▶ **Dataset**:
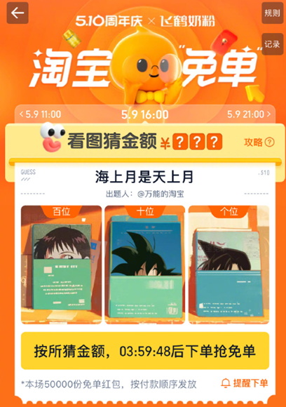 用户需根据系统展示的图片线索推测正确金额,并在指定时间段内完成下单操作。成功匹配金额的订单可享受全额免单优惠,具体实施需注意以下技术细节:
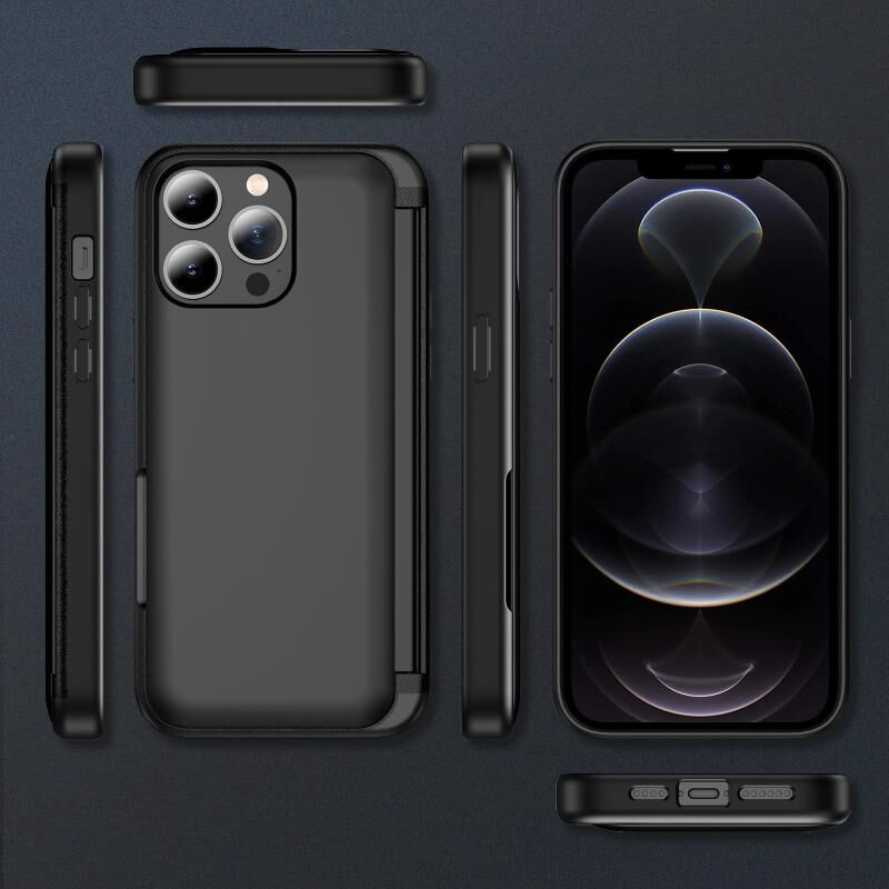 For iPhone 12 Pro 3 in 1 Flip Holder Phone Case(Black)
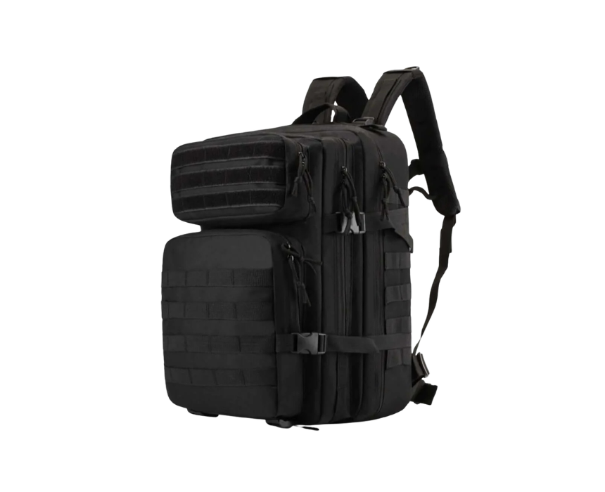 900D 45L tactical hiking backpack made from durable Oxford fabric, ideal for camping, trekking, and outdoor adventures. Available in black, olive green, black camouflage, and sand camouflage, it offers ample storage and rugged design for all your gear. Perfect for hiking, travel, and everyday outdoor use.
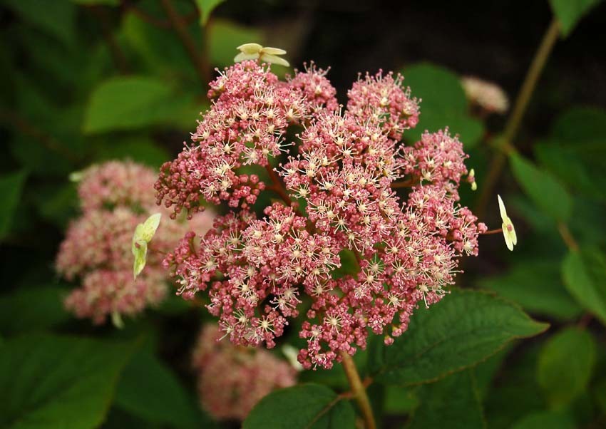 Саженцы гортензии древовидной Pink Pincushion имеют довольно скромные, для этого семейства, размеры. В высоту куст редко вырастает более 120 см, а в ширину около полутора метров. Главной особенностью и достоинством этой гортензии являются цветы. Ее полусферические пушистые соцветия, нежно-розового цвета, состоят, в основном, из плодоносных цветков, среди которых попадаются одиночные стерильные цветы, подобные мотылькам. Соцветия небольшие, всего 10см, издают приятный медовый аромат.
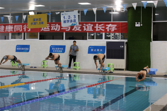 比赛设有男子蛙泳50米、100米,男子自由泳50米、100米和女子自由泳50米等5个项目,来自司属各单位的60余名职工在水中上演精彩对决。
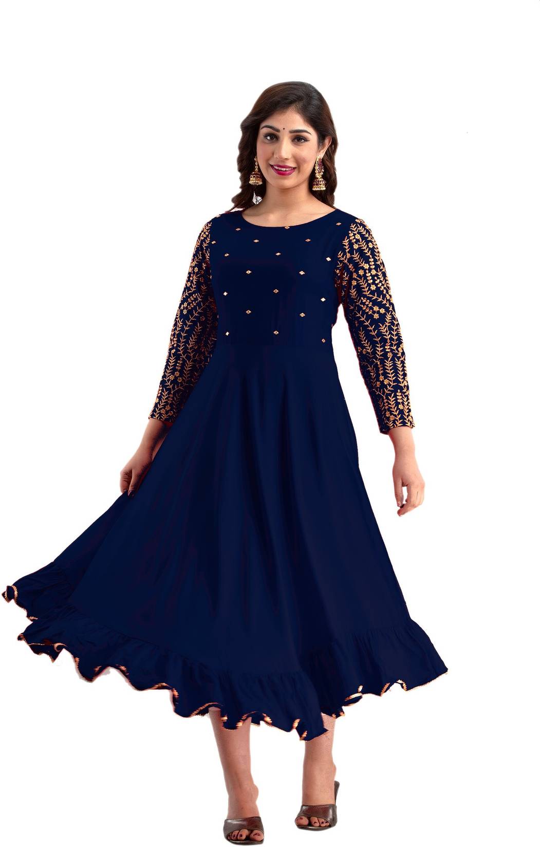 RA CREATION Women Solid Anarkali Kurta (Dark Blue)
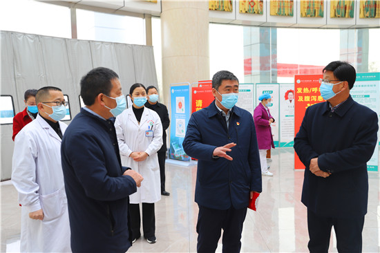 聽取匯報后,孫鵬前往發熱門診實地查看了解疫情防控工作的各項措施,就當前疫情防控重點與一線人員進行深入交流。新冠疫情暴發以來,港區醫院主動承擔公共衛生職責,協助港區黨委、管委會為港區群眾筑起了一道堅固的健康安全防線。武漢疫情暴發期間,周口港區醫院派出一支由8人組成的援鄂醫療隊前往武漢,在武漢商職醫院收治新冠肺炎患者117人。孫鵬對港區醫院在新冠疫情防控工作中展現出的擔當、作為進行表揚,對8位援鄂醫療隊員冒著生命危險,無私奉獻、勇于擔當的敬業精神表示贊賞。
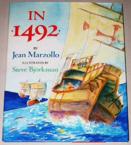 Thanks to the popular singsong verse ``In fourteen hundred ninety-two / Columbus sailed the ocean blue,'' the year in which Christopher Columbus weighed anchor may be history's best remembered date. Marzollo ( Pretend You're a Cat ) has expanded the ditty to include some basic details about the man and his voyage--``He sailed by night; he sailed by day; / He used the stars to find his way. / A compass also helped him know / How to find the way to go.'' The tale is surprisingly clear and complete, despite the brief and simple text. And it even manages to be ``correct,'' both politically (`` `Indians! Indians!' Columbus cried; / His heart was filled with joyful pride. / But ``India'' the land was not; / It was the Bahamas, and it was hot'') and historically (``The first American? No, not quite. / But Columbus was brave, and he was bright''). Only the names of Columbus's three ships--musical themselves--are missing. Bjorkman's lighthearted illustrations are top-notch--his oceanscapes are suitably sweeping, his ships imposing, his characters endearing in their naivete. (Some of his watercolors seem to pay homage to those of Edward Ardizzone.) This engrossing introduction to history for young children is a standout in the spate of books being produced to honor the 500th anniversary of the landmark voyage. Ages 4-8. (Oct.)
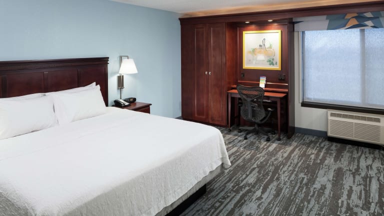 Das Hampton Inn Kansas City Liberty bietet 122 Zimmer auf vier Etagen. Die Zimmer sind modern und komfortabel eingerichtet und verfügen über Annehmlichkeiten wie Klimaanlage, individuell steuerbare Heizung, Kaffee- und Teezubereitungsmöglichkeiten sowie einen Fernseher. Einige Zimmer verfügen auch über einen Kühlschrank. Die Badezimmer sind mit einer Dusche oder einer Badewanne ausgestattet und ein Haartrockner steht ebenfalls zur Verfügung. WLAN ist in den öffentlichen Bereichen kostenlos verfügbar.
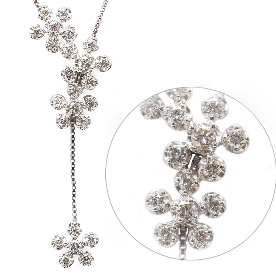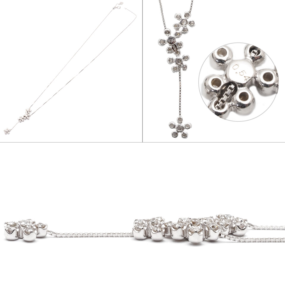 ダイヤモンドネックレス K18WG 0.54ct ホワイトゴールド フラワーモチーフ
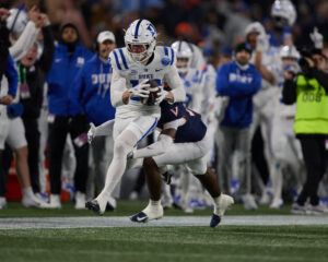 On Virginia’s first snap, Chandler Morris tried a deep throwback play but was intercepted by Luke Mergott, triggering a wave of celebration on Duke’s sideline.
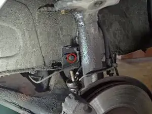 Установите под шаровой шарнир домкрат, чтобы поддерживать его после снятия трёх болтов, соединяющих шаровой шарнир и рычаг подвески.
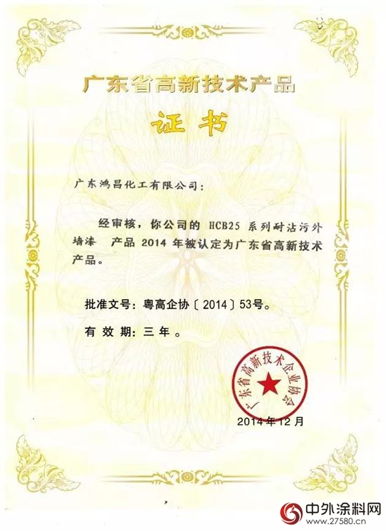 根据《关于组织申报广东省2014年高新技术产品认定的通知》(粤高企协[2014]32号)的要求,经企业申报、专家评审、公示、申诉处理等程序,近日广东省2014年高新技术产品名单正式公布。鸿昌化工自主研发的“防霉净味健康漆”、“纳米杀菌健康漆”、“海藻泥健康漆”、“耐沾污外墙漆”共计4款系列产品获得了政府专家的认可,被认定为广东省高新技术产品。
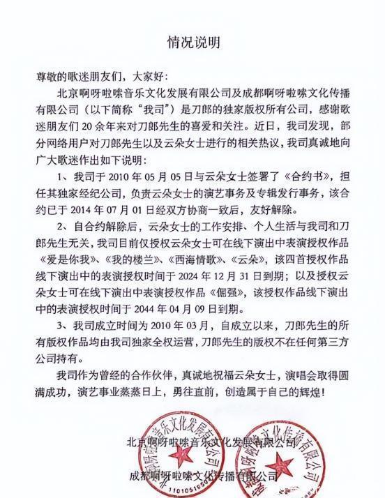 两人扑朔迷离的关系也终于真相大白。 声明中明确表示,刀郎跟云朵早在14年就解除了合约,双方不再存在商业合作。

* * *

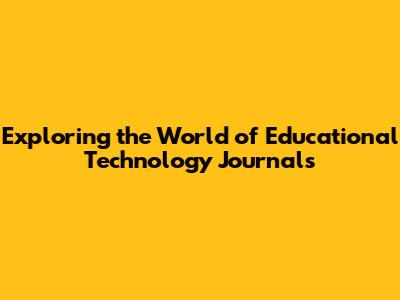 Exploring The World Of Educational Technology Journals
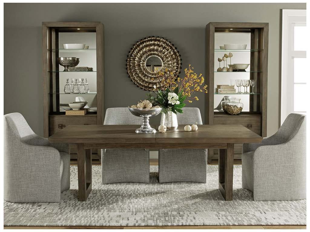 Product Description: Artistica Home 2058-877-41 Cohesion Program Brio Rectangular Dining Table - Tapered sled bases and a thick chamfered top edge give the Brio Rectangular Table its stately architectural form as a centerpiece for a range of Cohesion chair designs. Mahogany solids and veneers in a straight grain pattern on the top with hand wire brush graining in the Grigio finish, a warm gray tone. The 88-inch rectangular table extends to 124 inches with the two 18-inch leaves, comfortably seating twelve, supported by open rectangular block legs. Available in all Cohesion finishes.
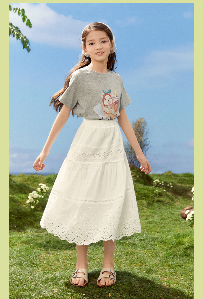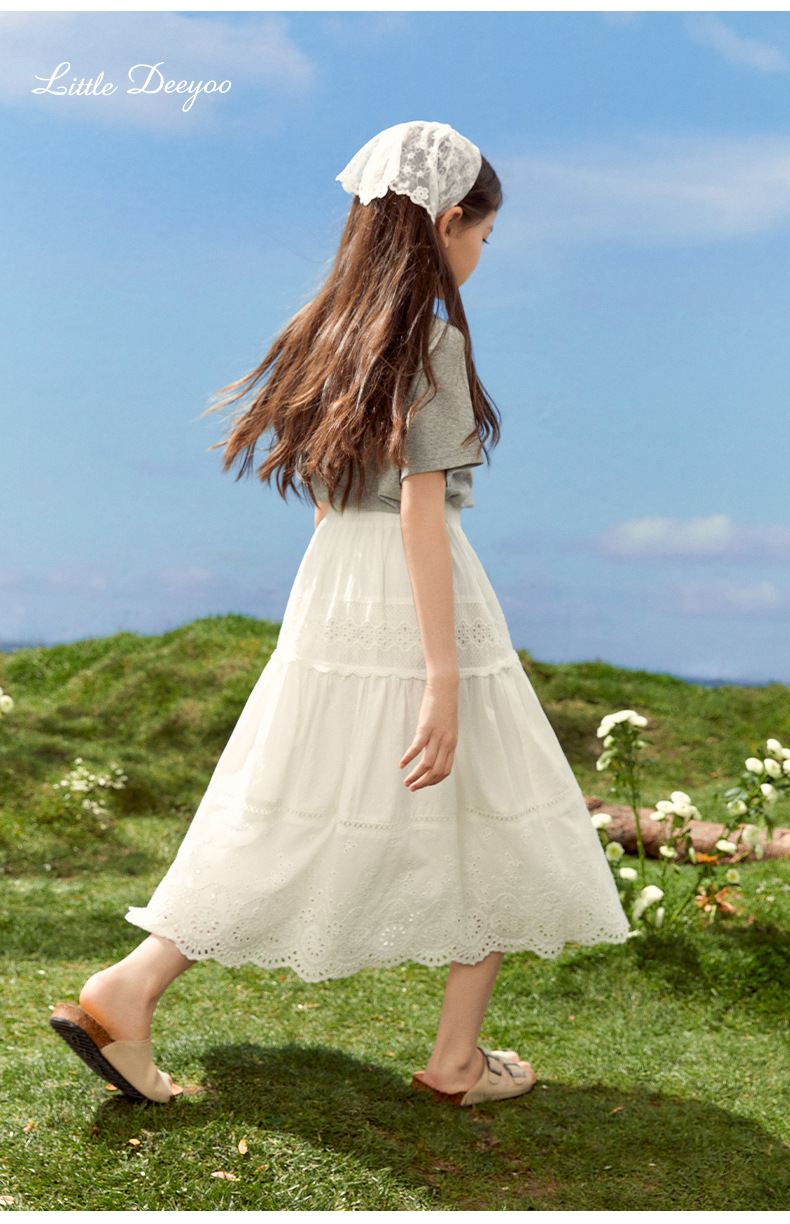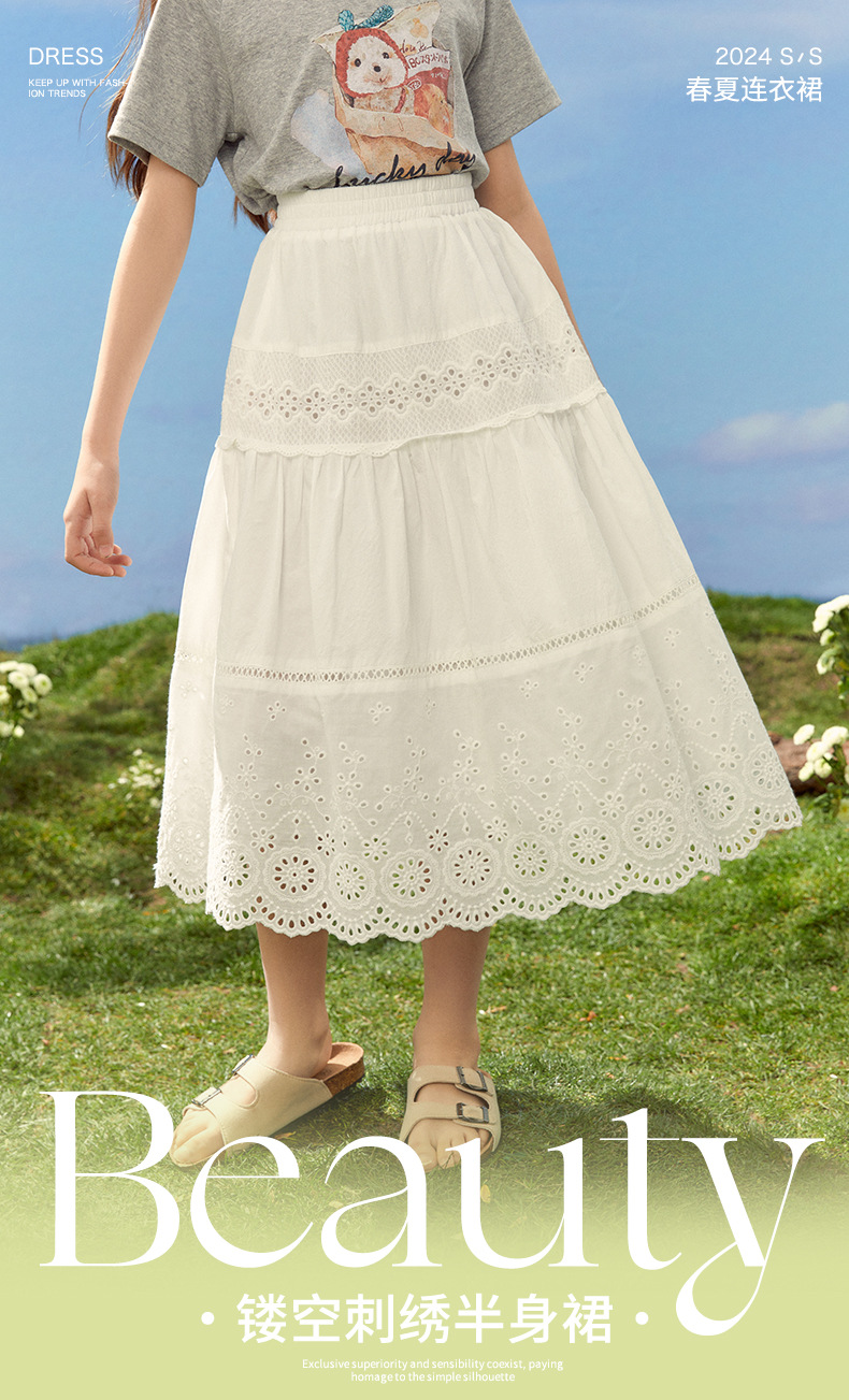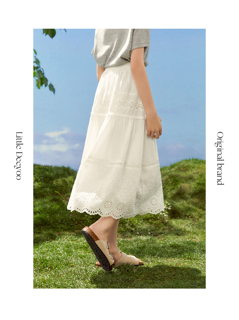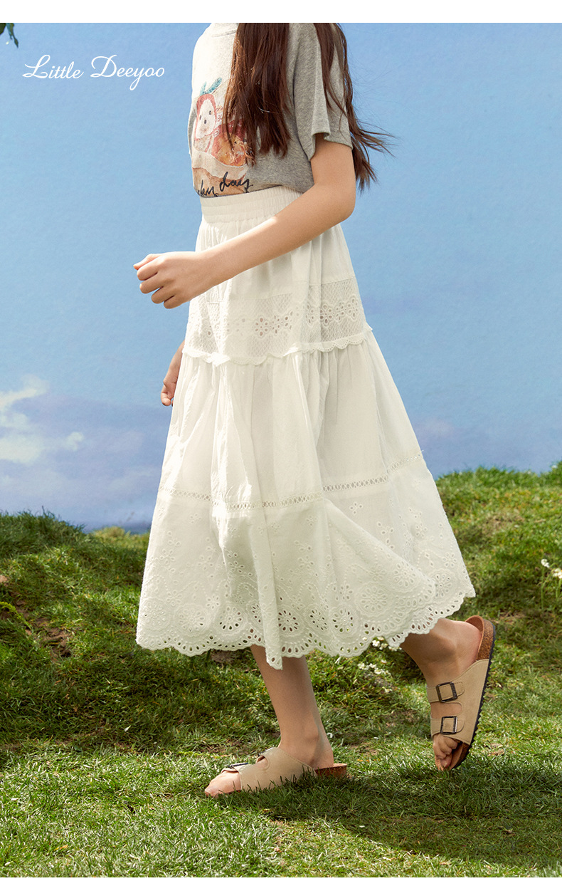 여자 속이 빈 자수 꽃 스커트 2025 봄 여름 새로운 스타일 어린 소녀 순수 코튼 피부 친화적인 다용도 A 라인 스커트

▶ **What you need to do**:
Given the entries above, transcribe exactly the lines from the one holding "On Virginia’s first" through the one holding "两人扑朔迷离的关系也终于真相"; pictures do not belong in the transcription.

▶ **Output of the task**:
 On Virginia’s first snap, Chandler Morris tried a deep throwback play but was intercepted by Luke Mergott, triggering a wave of celebration on Duke’s sideline.
 Установите под шаровой шарнир домкрат, чтобы поддерживать его после снятия трёх болтов, соединяющих шаровой шарнир и рычаг подвески.
 根据《关于组织申报广东省2014年高新技术产品认定的通知》(粤高企协[2014]32号)的要求,经企业申报、专家评审、公示、申诉处理等程序,近日广东省2014年高新技术产品名单正式公布。鸿昌化工自主研发的“防霉净味健康漆”、“纳米杀菌健康漆”、“海藻泥健康漆”、“耐沾污外墙漆”共计4款系列产品获得了政府专家的认可,被认定为广东省高新技术产品。
 两人扑朔迷离的关系也终于真相大白。 声明中明确表示,刀郎跟云朵早在14年就解除了合约,双方不再存在商业合作。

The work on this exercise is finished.